* Material provided
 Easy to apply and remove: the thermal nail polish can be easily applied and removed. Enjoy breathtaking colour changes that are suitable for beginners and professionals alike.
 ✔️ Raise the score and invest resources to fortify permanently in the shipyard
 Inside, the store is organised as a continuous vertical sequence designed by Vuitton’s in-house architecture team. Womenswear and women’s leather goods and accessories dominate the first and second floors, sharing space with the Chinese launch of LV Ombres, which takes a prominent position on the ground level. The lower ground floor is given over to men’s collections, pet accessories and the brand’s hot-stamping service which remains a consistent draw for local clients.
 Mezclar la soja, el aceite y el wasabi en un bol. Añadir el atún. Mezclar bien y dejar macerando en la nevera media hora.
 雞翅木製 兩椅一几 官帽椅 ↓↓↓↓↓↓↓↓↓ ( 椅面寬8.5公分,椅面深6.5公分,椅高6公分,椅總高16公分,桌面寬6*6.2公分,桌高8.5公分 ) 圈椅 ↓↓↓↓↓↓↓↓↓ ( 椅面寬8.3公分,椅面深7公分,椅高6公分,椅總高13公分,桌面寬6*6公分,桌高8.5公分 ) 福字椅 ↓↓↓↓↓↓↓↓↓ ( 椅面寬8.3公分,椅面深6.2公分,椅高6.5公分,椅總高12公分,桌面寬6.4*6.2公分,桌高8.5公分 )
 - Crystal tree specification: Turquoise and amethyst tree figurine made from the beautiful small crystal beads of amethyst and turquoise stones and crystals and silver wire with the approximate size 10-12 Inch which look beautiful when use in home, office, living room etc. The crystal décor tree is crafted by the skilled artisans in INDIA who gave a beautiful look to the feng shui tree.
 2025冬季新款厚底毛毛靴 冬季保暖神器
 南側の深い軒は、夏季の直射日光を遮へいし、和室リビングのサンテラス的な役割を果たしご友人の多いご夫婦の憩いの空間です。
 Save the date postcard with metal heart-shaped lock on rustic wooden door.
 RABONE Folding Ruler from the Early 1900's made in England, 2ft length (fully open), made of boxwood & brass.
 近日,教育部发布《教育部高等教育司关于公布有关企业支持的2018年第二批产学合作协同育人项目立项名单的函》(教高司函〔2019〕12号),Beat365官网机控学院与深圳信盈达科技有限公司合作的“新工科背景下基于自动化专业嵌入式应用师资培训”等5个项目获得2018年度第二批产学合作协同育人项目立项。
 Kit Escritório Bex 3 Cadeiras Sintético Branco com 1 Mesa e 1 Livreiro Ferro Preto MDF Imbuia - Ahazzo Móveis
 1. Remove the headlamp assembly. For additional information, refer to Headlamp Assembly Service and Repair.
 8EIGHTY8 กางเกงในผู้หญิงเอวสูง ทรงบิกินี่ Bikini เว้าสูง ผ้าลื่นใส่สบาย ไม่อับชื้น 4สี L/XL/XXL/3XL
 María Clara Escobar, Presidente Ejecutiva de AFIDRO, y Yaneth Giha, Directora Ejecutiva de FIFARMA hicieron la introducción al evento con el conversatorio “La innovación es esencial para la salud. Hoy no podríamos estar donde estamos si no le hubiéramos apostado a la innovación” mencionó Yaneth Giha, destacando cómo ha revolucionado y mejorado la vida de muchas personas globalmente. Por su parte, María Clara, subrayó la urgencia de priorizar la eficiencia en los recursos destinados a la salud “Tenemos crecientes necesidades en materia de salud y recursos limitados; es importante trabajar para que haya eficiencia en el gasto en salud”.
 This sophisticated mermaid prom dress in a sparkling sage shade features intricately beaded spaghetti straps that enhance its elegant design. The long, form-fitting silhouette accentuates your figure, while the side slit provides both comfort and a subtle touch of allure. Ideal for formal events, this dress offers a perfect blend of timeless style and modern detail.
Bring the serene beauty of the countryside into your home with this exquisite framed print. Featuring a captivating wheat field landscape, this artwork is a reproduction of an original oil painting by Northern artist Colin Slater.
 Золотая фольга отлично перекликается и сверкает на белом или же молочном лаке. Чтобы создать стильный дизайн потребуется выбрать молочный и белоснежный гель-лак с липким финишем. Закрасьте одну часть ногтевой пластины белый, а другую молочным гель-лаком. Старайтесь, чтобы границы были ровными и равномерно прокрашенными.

* Your objective
Having output the line that contains "in the shipyard", stop. Every line before it, back to the first line of the data, must be reproduced exactly.

* Task response
 Easy to apply and remove: the thermal nail polish can be easily applied and removed. Enjoy breathtaking colour changes that are suitable for beginners and professionals alike.
 ✔️ Raise the score and invest resources to fortify permanently in the shipyard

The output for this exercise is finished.